Js Web Scraping



This library intends to make parsing HTML (e.g. Scraping the web) as simple and intuitive as possible. Selenium is the best for scraping JS and Ajax content. Scrapingdog is a web scraping API to scrape any website in just a single API call. It handles millions of proxies, browsers and CAPTCHAs so developers and even non-developers can focus on data collection. You can start with free 1000 API calls. ScrapingBee is a Web Scraping API that handles proxies and Headless browser for you, so you can focus on extracting the data you want, and nothing else.

If you’re wondering how to make a Chrome Extension, Chrome’s extensiondocumentation is great for basic implementations. However, to use more advancedfeatures requires a lot of Googling and Stack Overflow. Let’s make anintermediate Chrome extension that interacts with the page: it will find thefirst external link on the page and open it in a new tab.

  • While this article tackles the main aspects of web scraping with NodeJS, it does not talk about web scraping without getting blocked. If you want to learn how to avoid getting blocked, read our complete guide, and if you don't want to deal with this, you can always use our web scraping API.
  • Request: For implementing quick use of HTTP and JavaScript web scraping, this is one of the most.

manifest.json

The manifest.json file tells Chrome important information about yourextension, like its name and which permissions it needs.

The most basic possible extension is a directory with a manifest.json file.Let’s create a directory and put the following JSONinto manifest.json:

That’s the most basic possible manifest.json, with all required fields filledin. The manifest_versionshould always be 2, because version 1 isunsupported as of January 2014. So far our extension does absolutely nothing,but let’s load it into Chrome anyway.

Load your extension into Chrome

To load your extension in Chrome, open up chrome://extensions/ in your browserand click “Developer mode” in the top right. Now click “Load unpackedextension…” and select the extension’s directory. You should now see yourextension in the list.

When you change or add code in your extension, just come back to this page andreload the page. Chrome will reload your extension.

Content scripts

A content script is “a JavaScript file that runs in the context of web pages.”This means that a content script can interact with web pages that the browservisits. Not every JavaScript file in a Chrome extension can do this; we’ll seewhy later.

Let’s add a content script named content.js:

To inject the script, we need to tell our manifest.json file about it.

Add this to your manifest.json file:

This tells Chrome to inject content.js into every page we visit using thespecial <all_urls> URL pattern. If we want to inject the script on only somepages, we can use match patterns. Here are a few examples of values for'matches':

  • ['https://mail.google.com/*', 'http://mail.google.com/*'] injects our scriptinto HTTPS and HTTP Gmail. If we have / at the end instead of /*, itmatches the URLs exactly, and so would only inject intohttps://mail.google.com/, not https://mail.google.com/mail/u/0/#inbox.Usually that isn’t what you want.
  • http://*/* will match any http URL, but no other scheme. For example, thiswon’t inject your script into https sites.

Node Js Web Scraping

Reload your Chrome extension. Every single page you visit now pops up an alert. Let’slog the first URL on the page instead.

Logging the URL

jQuery isn’t necessary, but it makes everything easier. First, download aversion of jQuery from the jQuery CDN and put it in your extension’s folder. Idownloaded the latest minified version, jquery-2.1.3.min.js. To load it, addit to manifest.json before 'content.js'. Your whole manifest.json should looklike this:

Now that we have jQuery, let’s use it to log the URL of the first external linkon the page in content.js:

Note that we don’t need to use jQuery to check if the document has loaded. Bydefault, Chrome injects content scripts after the DOM is complete.

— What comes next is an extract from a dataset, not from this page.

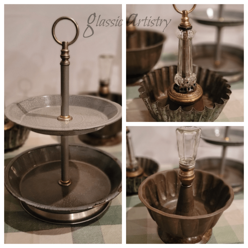 Last April, I was making what I called display trays. https://glassictouch.com/2022/04/18/tiered-tray-diy-repurposed-enamelware/ and https://glassictouch.com/2022/04/27/vintage-style-display-tray-diy/ . They were a ton of fun to make so I made some more. To keep things short and simple I’m going to post a picture of the completed item and the layout of the pieces (if I have it) in the order they were used so you can see how it went together. My hope is just to inspire since the use of salvaged and found materials would make exact duplication impossible.
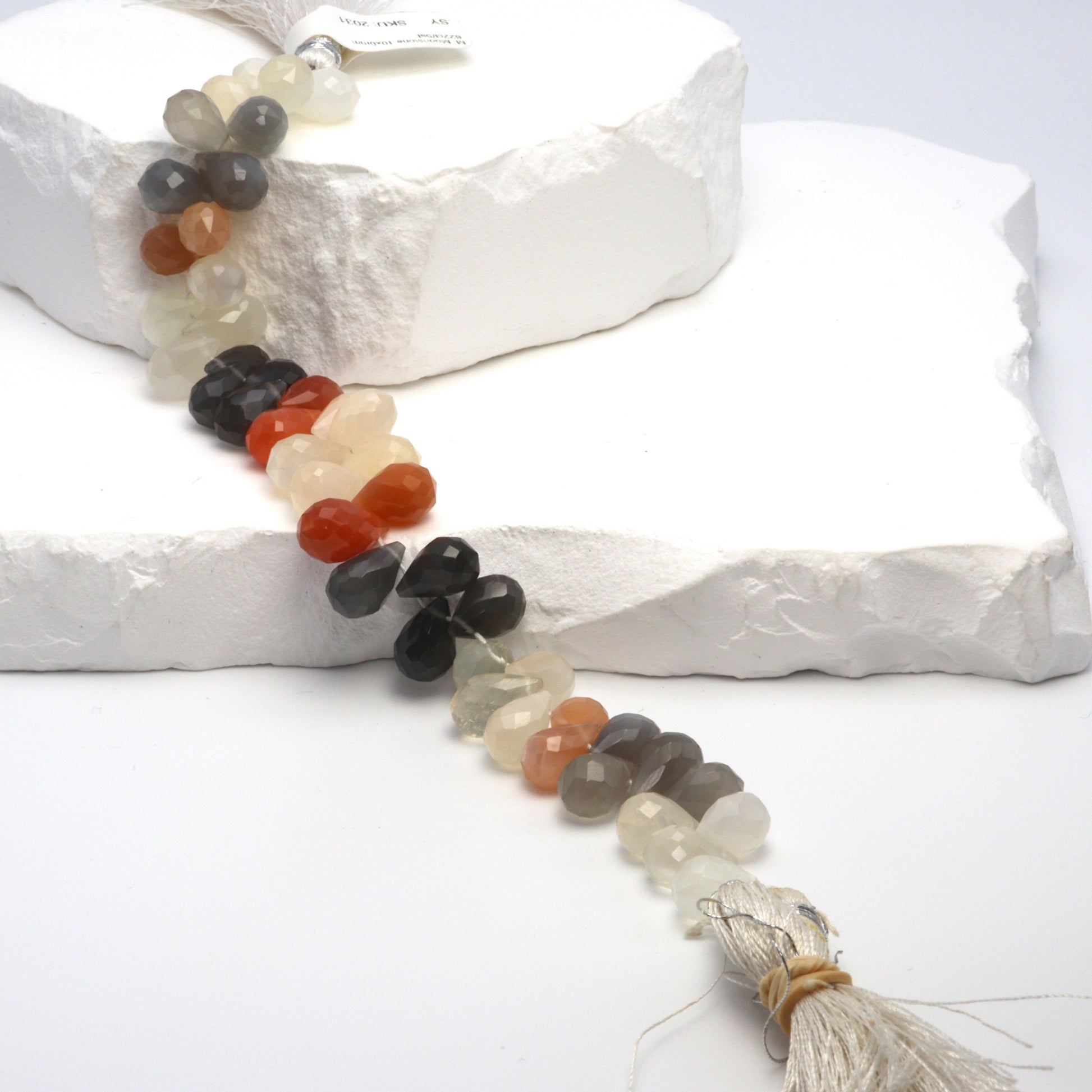 Discover the enchanting allure of our 7" Full Bead Strand of Multi Moonstone Faceted Teardrop Briolettes. Each strand features a captivating array of 10x6mm beads, meticulously cut into a teardrop shape to enhance their natural brilliance. These multi moonstone beads exhibit a mesmerizing play of colors, ranging from soft whites to vibrant blues, making them a versatile choice for any jewelry design. As a gemstone wholesaler, we ensure that every bead is of the highest quality, perfect for creating unique and stunning pieces. Whether you're a jewelry designer or a jewelry store owner, these multi moonstone faceted teardrop briolettes will add a touch of elegance and sophistication to your collection.

Try it out - you should see the output in your console on every page you visit.

Browser Actions

When an extension adds a little icon next to your address bar, that’s a browseraction. Your extension can listen for clicks on that button and then dosomething.

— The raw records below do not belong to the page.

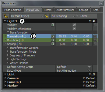 Properties window A. Light 1 is not part of a group B. Light 1 translation properties
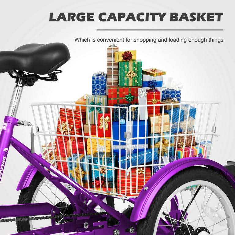 Mophoto 16 inch Tricycle Single Speed Cruiser 3 Wheels Bikes, Outdoor Tricycle, Adult Unisex, Size: 16 Wheels, Purple
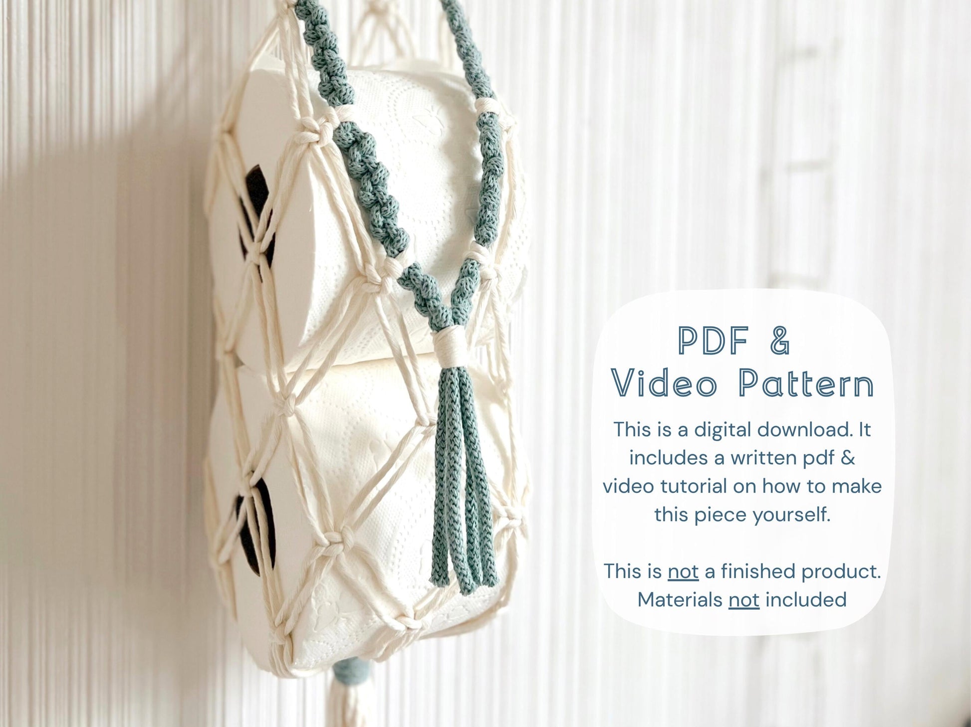 This is a digital PDF PATTERN and Video Tutorial (instant download) of the macrame TP basket hanger shown in the pictures. It contains a step-by-step written tutorial as well as a full image guide on how to complete this project. The pattern also includes descriptions of all things needed, but it does NOT include any of the actual materials. It is only a digital download. It is written in English.
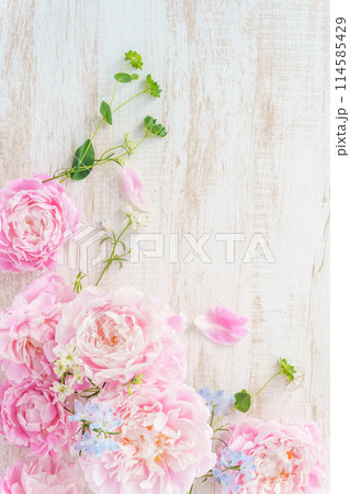 ピンクのピオニーとデルフィニウムのフラワーフレーム|縦構図
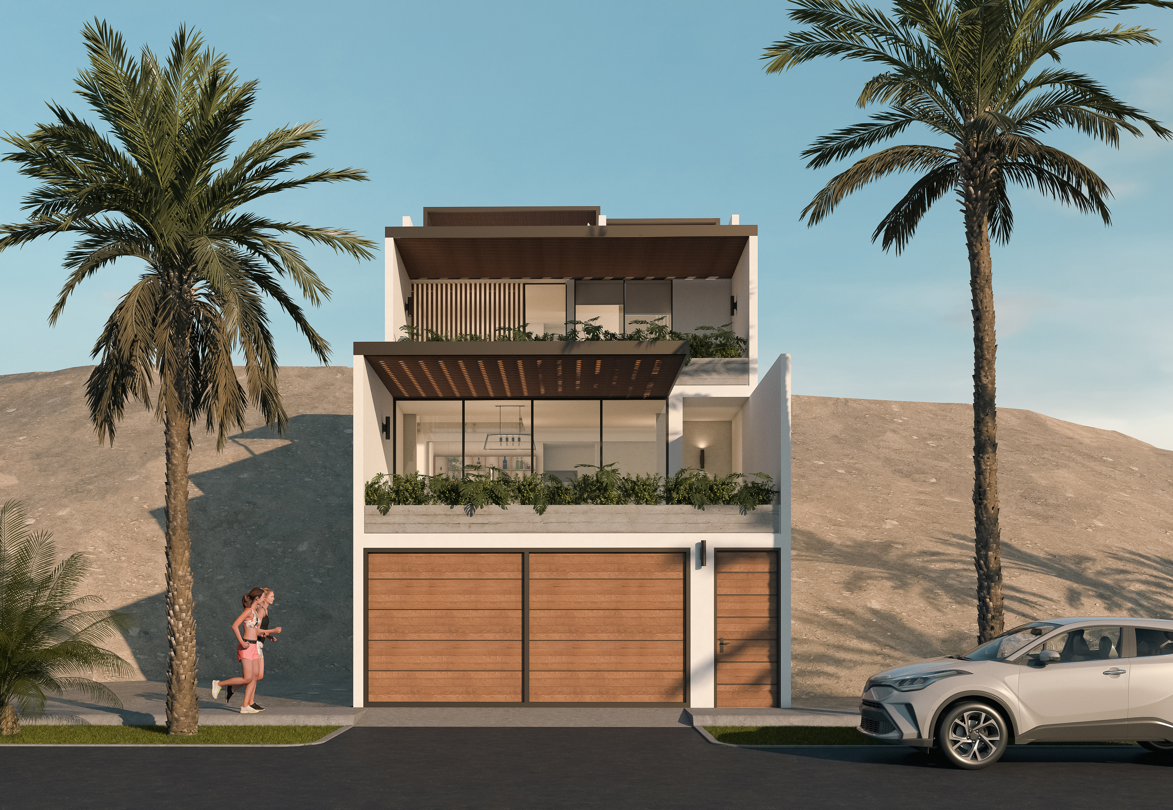 El lote se encuentra en una pendiente, sobre la cual se emplaza este proyecto con un perfil aterrazado, con retiros en todos sus pisos.

Put the icon.png from Google’s extension tutorial in your extension folder andadd this to manifest.json:

In order to use the browser action, we need to add message passing.

Message passing

Jquery web scraping

A content script has access to the current page, but is limited in the APIs itcan access. For example, it cannot listen for clicks on the browser action. Weneed to add a different type of script to our extension, a background script,which has access to every Chrome API but cannot access the current page. AsGoogle puts it:

Content scripts have some limitations. They cannot use chrome.* APIs, withthe exception of extension, i18n, runtime, and storage.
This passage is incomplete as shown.